Some time ago I began work on a distro designed from the ground up to do just what you want. It boots up in read-only mode, but without loading everything into RAM. It then uses tmpfs to allow 'normal' running in read-write mode. But in order to save any changes you make you have to remount read-write on the fly and sync the file system on the device with what's in tmpfs. All-in-all it's a pretty complex way to run.
You can however run a normal installation from a real USB hard drive (not FLASH), but it will still be slow because of the transfer rates. Every program will be slow to start the first time. After that they will run nicely though since they are cached in memory by the kernel. Running from a real USB hard drive is still slower than running from a FLASH device because of the disk access times, but at least you can run a normally installed and configured system.
You could use a special filesystem called jffs2 or jffs3, but the partitions take a very long time to mount.
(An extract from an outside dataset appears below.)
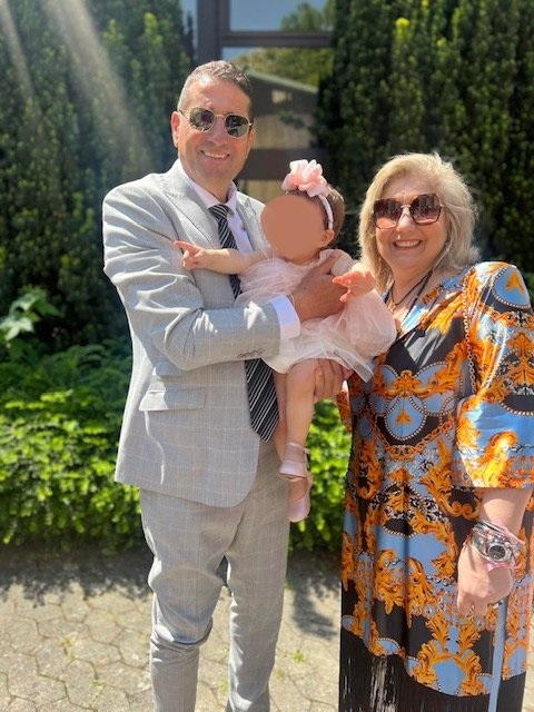 Πανευτυχείς παππούδες στην βάπτιση της εγγονούλας τους

This is normally used for devices which run an embedded OS where the device is not re-booted very often, or ever.
The problem with FLASH devices is that data is written block-wise. This means that when only one byte of data is changed a whole block of data must be re-written. And the number of times a particular block can be re-written is limited to somewhere between 10,000 and 1 million times. This may sound like a lot, but it is not -especially, as mentioned, for swap space.
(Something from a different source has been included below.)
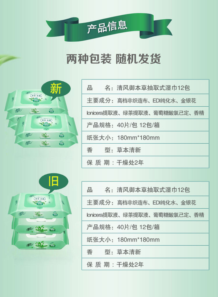 - 商品名称:清风 (APP) 湿巾 御本草杀菌湿纸巾40片*12包(整箱销售)

The system I have been working on needs a little less than 256MB for a nice GUI desktop with a few dozen programs. But everything is light-weight software and some of the key components are loded into RAM in order to reduce the starup time for the basic desktop. Still, as soon a you start a browser, for instance, it takes about twice the normal time for it to start. Afterwards it runs normally, as mentioned above. If you were to try running KDE that way, I imagine that it would 4-5 minutes for the desktop to load. This is (mostly) not dependent on how fast your processor is nor how mauch RAM you have. The bottle-neck is the transfer rate over the USB bus.

If you really want to have a complete system 'to-go' which runs fairly normally, you need to put it on a real USB hard-drive.